Since you "took it for a tune up" take it back, and ask for a follow-up.

Mess around with it, and don't expect much help.

Eventually, you want to learn how to make simple, basic carb adjustments. If only to cope with temp changes. Then you have a chance of learning to detect when things aren't right- carb internals, seals, whatever.


----------



## bioman

turn the low screw 1/4 ccw and mix 50:1 be safe with the big saw!


----------



## golfandwoodnut

try some seafoam, fixed my problem that was similar.


----------



## Danno77

You don't have a winter setting like on some of the stihls, do you?


----------



## wkpoor

If you don't have experience tuning a chainsaw its best to learn from someone that knows how. Its done by sound and its impossible with words to explain what 4 cycling sounds like. The top end tune is very important. Too leen could lead to premature top end failures and too rich your loosing power. I'm very good at tuning and still when I raced I had someone even more experienced tune my saw to get a few hundredths a sec more from it. It takes a keen ear and sometimes a tach to get it just right. If your saw has a limiter on it you might only be able to adjust in the cut (with the help of an assistant) or with times tests. Many times at GTGs we would tune each others saws while in a cut.


----------



## smokinj

iodonnell said:
			
		

> Its the chainsaw on my tag. It bogs down it seems and stalls out when I open the throttle. Weather is 30-50 when I'm cutting and I'm trying to run 40:1, 93 only. Trying that is by using Stihl Ultra bottles and pouring a little less but I always have some left over gas in the can... So anyhow, I've ran about 25 hours and took it for a tune up. Since the tune, I've ran about 2-3 and noticed with this particular can it's been bogging and stalling. Gas is fresh. He set it for 40:1... The 2-3 hours of running has been in warmer weather. Are the settings off or...? Is it the weather? Air Filter is clean... Saw has been mine and only mine since new.
> 
> Also when she's warmed up, not so much of an issue...
> 
> Thanks!
> 
> Ian



If its not an issue after it warms up and is easy enough to start, I would just let it warm up first. Guess the big thing hear is if that saw is running good warm there not much of a reason to tune cold.


----------



## Danno77

Good point, Jay. I guess I read the the post but ignored that last part.


----------



## smokinj

Danno77 said:
			
		

> Good point, Jay. I guess I read the the post but ignored that last part.
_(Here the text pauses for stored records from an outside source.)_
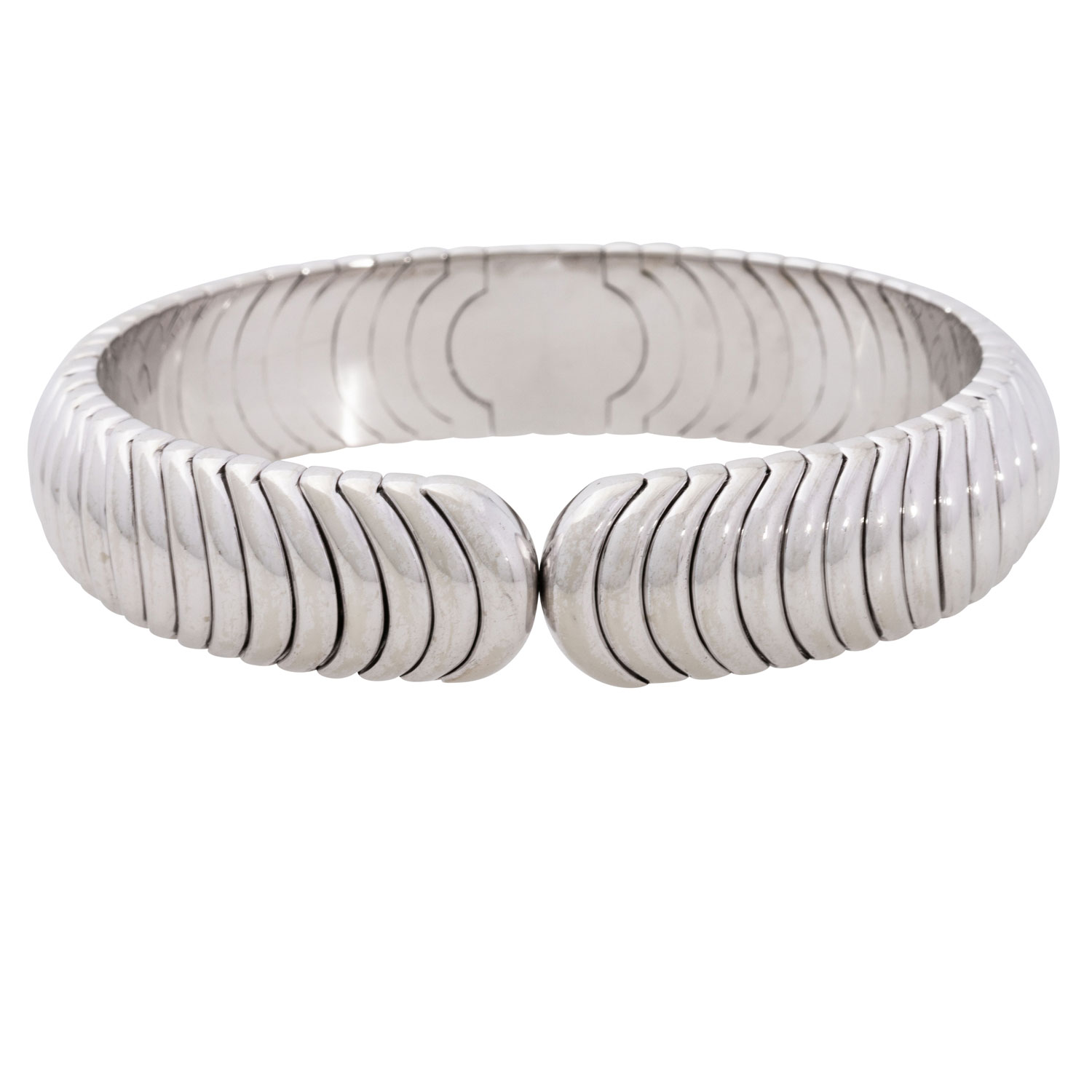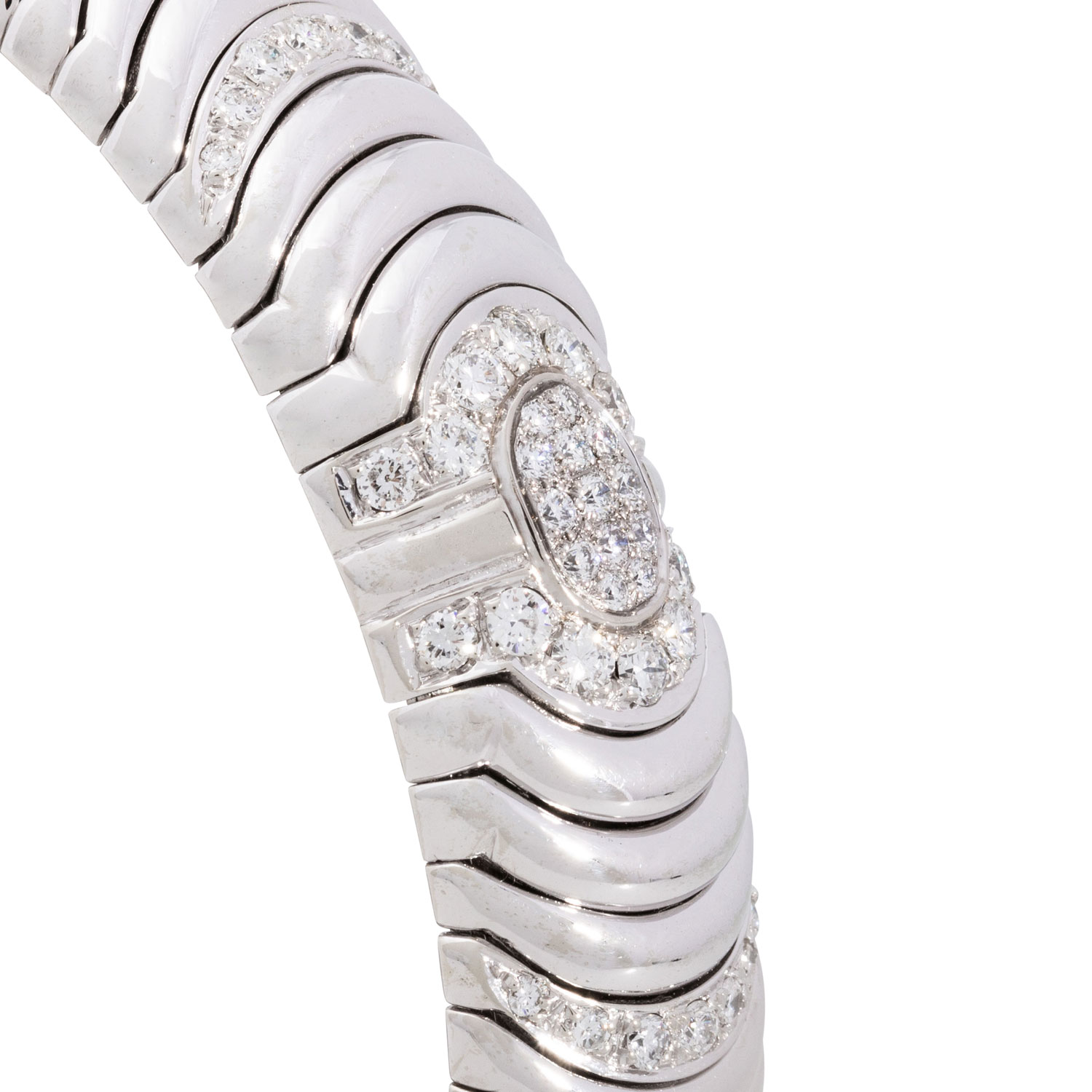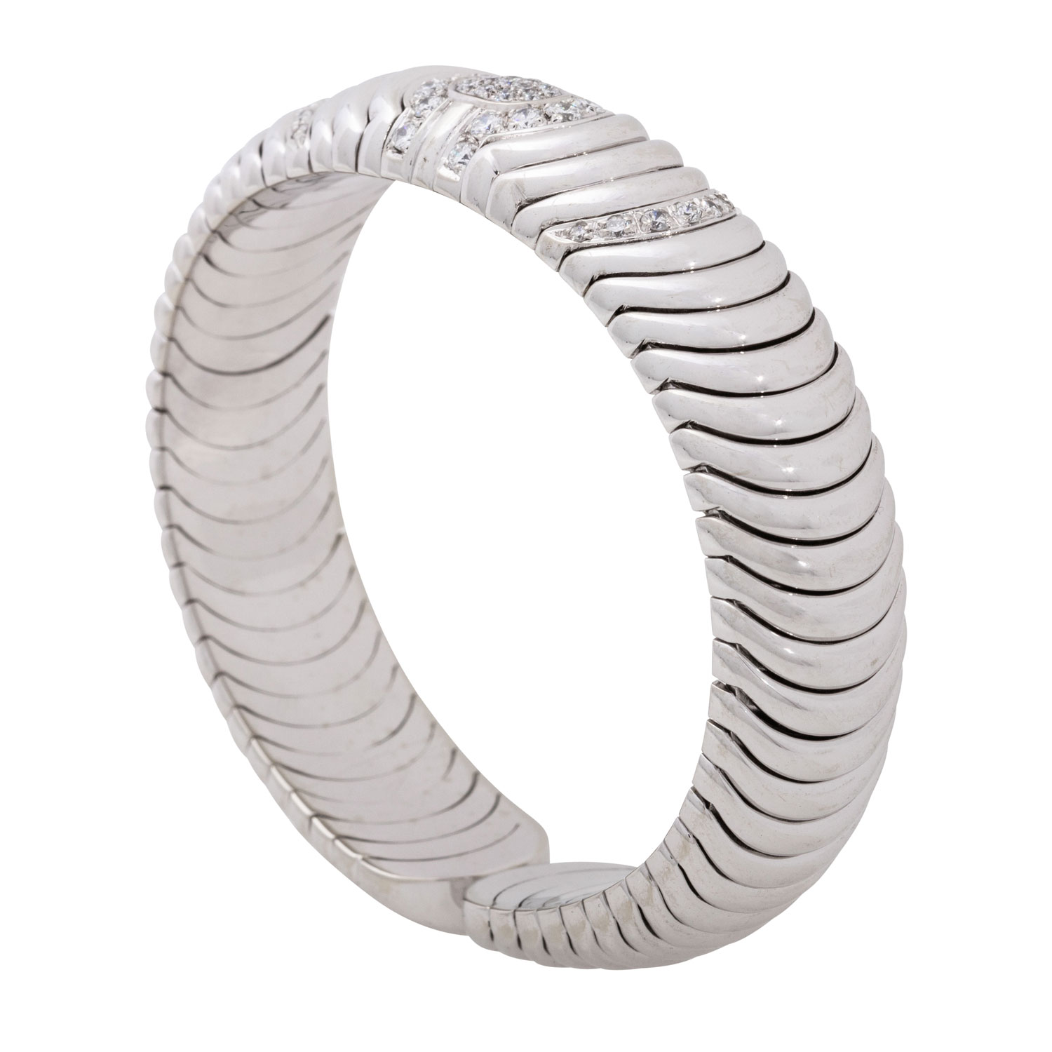 ges. ca. 1,1 ct, WEISSS H/VSI-SI, WG 18K, 74,9 g, IU: 15,5 cm, B; 13,8 mm, federnde Konstruktion, Ende 20. Jh., minimale Tragespuren.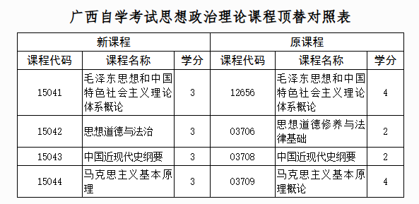 关于调整广西高等教育自学考试思想政治理论课程设置的公告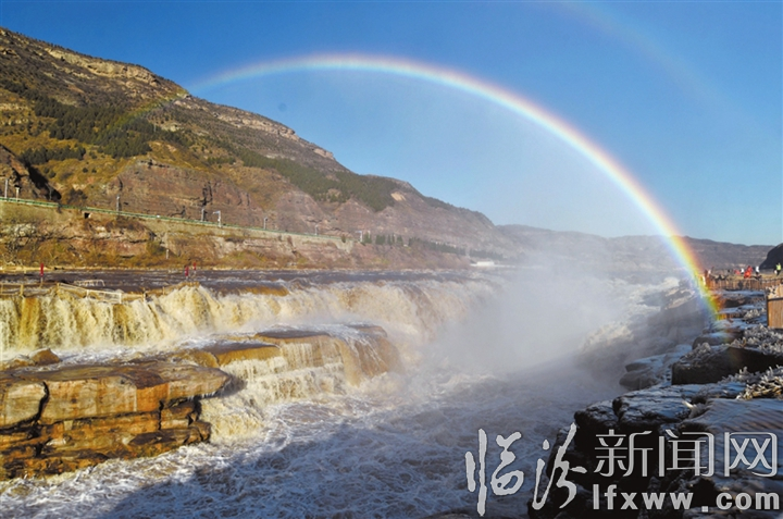 临汾新闻网讯 12月3日,游客在吉县黄河壶口瀑布欣赏“双彩虹”景观。初冬时节,受上游水库调节放水影响,黄河壶口瀑布水量增大,飞溅的水雾经阳光照射,形成季节特有的“双彩虹”景观,吸引游客驻足观赏。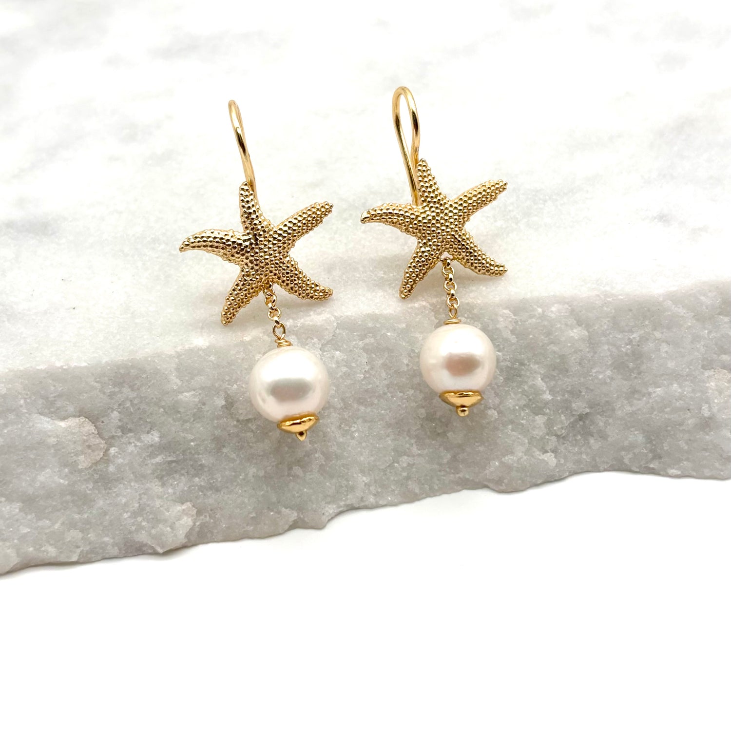 Pearls are the gems of the sea which offers protection to the wearer, as well as helps one attract good luck and abundance, whilst the Starfish symbolises infinite, divine love; and love is what you'll feel for this beautiful pair of handmade earrings!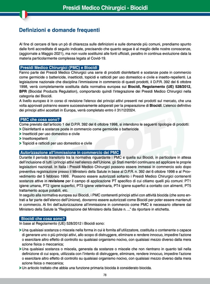 BPR (Biocidal Products regulation), comportando quindi l’integrazione dei Presidi medico Chirurgici nella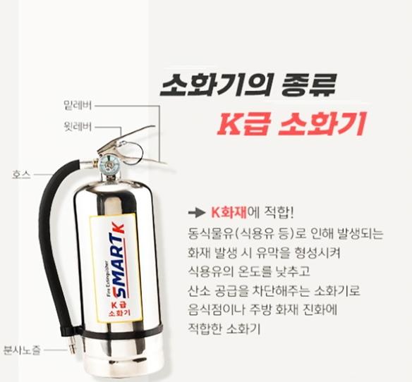 K급 소화기는 동식물유(식용유)로 인한 화재 발생 시 기름막을 형성시켜 식용유의 온도를 낮추고 산소 공급을 차단해 음식점이나 주방에서 발생하는 화재에 적합한 소화기이다.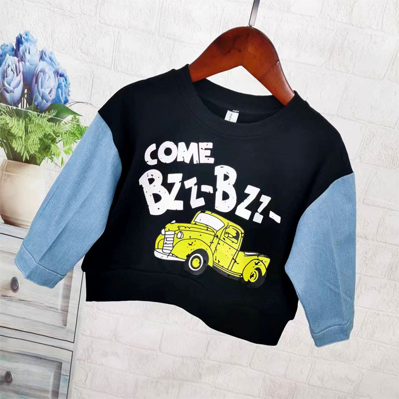 소년 티셔츠 아동용 긴팔 만화 티셔츠 봄 의류 2025 봄, 가을 새로운 스타일 중소형 아동상의 접합 바닥 셔츠스토어 가기
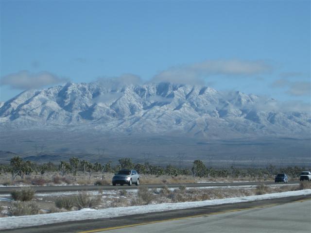 We started our trip at 5:30am, got some coffee (our new addiction) and headed out on the road to Sin City. We always forget that Los Angeles still has a winter, and up in the mountains, they had a decent amount of snow! Some people even pulled over so their kids could play in the snow!

Its nice to keep them in a heated space. My 460 I have put it in the cab of my s-10 (very tight fit) to warm it up first. These are days I always say never again.


----------



## wkpoor

My saws all sit out in the unheated building and I never have any issues with basic tune. When it gets real cold like 10 degrees I do richen up the high side but rarely need to adjust the low. For me its mostly about high side tune. And for plain ole firewood cutting it mostly just a summer winter thing. Not a daily temperamental deal. Only time a I get crazy about tune is timed cuts at a GTG.


----------



## smokinj

wkpoor said:
			
		

> My saws all sit out in the unheated building and I never have any issues with basic tune. When it gets real cold like 10 degrees I do richen up the high side but rarely need to adjust the low. For me its mostly about high side tune. And for plain ole firewood cutting it mostly just a summer winter thing. Not a daily temperamental deal. Only time a I get crazy about tune is timed cuts at a GTG.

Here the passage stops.